Puncak upacara ditandai dengan menyembelih babi, kambing, dan ayam di ladang baru yang akan ditanami. Tapi sebelum itu ada rangkaian upacara yang panjang dan rumit, yang bisa berakibat kekeliruan.
Andai demikian, si penyelenggara harus membayar denda berupa babi. Memang, sepanjang ritual ada saja denda yang mesti dibayar.
Sebelum puncak upacara, ada beberapa upacara persiapan.
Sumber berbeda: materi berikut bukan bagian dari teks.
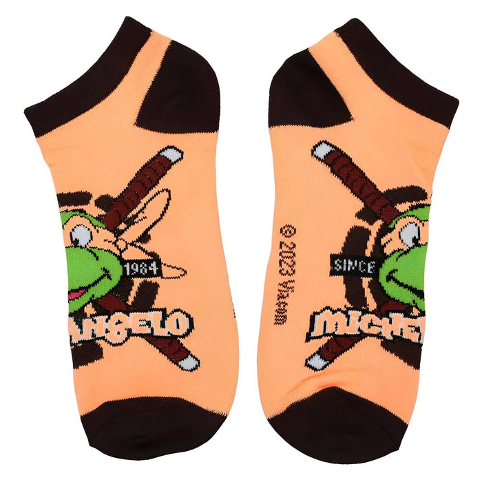 Celebrate the classic origins of your favorite heroes in a half shell with the Teenage Mutant Ninja Turtles - 1984 Retro Turtles Ankle Socks Set (5 Pairs) by Bioworld. Inspired by the original TMNT design, this sock set brings a nostalgic touch to your everyday wardrobe.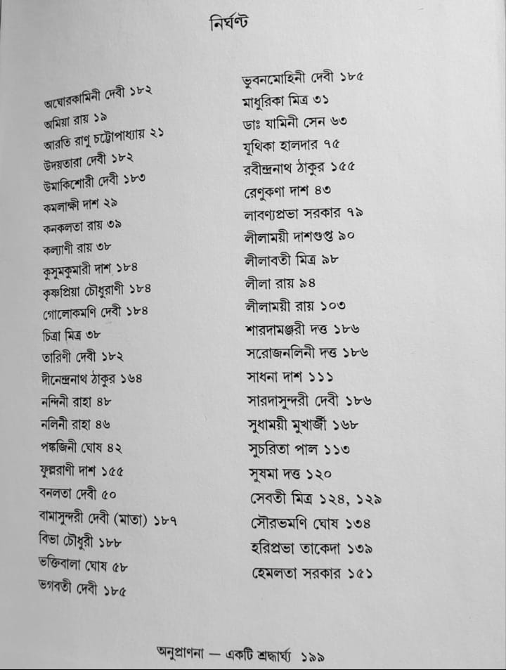মনের কোণে স্মৃতি হয়ে থেকে যাওয়া মানুষগুলি চির ভাস্বর। অনেকেরই স্মৃতি তোলপাড় করে বেরিয়ে আসে কিছু মনে রাখার মত প্রিয় নারী চরিত্র, যাঁরা অনেকেই আড়ালে থেকে গেছেন। কেউ বা স্বল্প পরিচিত বা বিশেষ পাঠক গোষ্ঠীর মধ্যেই আবদ্ধ। সাধারণ পাঠকদের মধ্যে এইরূপ কয়েকটি নারীচরিত্রের সাথে পরিচয় করানো এবং নারীশিক্ষা ও প্রগতির ক্ষেত্রে সমাজসংস্কারক মনীষীদের শ্রদ্ধা জ্ঞাপনে, রাজা রামমোহন রায়ের ২৫০ বছর পূর্তি স্মরণে, সম্মিলিত প্রচেষ্টায় রচিত হলো এই বিশেষ সংকলনটি, 'অনুপ্রাণনা-একটি শ্রদ্ধার্ঘ্য'।

Misalnya, wai umara (memercikkan air ke ladang tempat upacara), lii watu tanah (membersihkan beras untuk menjamu tamu), wai ae Loen (menentukan hari H dan nama nenek moyang yang akan diantar), wuu pelan woen (membuat pelang atau emping beras yang dibagikan dengan daging untuk tamu), dan pati pleba - memotong hewan untuk nenek moyang yang tak pernah diambil welut-nya (potongan kuku dan rambut dari jasad).
Sehari sebelum hari H, pukul 14.30, aroma magis ritual adat mulai terasa. Diawali dengan perarakan kopor, semacam keranda yang di dalamnya diikatkan seekor babi dalam posisi tidur.
Kopor ditutup dengan sehelai kain batik baru, lalu dihiasi daun kelapa muda. Babi itu simbol orang yang sudah meninggal. Masing masing diberi nama sesuai dengan nama orang yang akan diantar rohnya.
Diiringi nyanyian adat yang mirip ratapan, kopor diarak menuju rumah pesta. Sesampai di halaman rumah, tiba-tiba terjadi saling pukul dengan menggunakan kayu dan tinju.
(Baca juga: Cing Cing Goling, Upacara Adat Gunung Kidul yang Terinspirasi dari Kisah Pelarian Prajurit Majapahit)
Bunyi berdebam memantul dari setiap punggung yang terhantam. Untunglah, saling pukul hanya berlangsung sepuluh menit.
"Namanya leben grengan. Untuk menunjukkan keakraban antarsaudara," tutur Pak Joseph.
Konon, aslinya leben grengan menggunakan senjata tajam, misalnya parang. Anehnya, luka yang timbul cukup ditutup dengan sembarang daun, dijamin seketika sembuh. Asalkan, tidak ada perempuan.
Lalu mengapa saat itu hanya menggunakan kayu dan tinju tangan? Ternyata, karena ada saya yang akan memotret.
Leben grengan usai. Tiba-tiba terdengar ratap tangis laki-laki dan perempuan memenuhi udara Tanah Hikong. Seorang perempuan muda memanggil-manggil nama almarhumah nenek dan ibunya.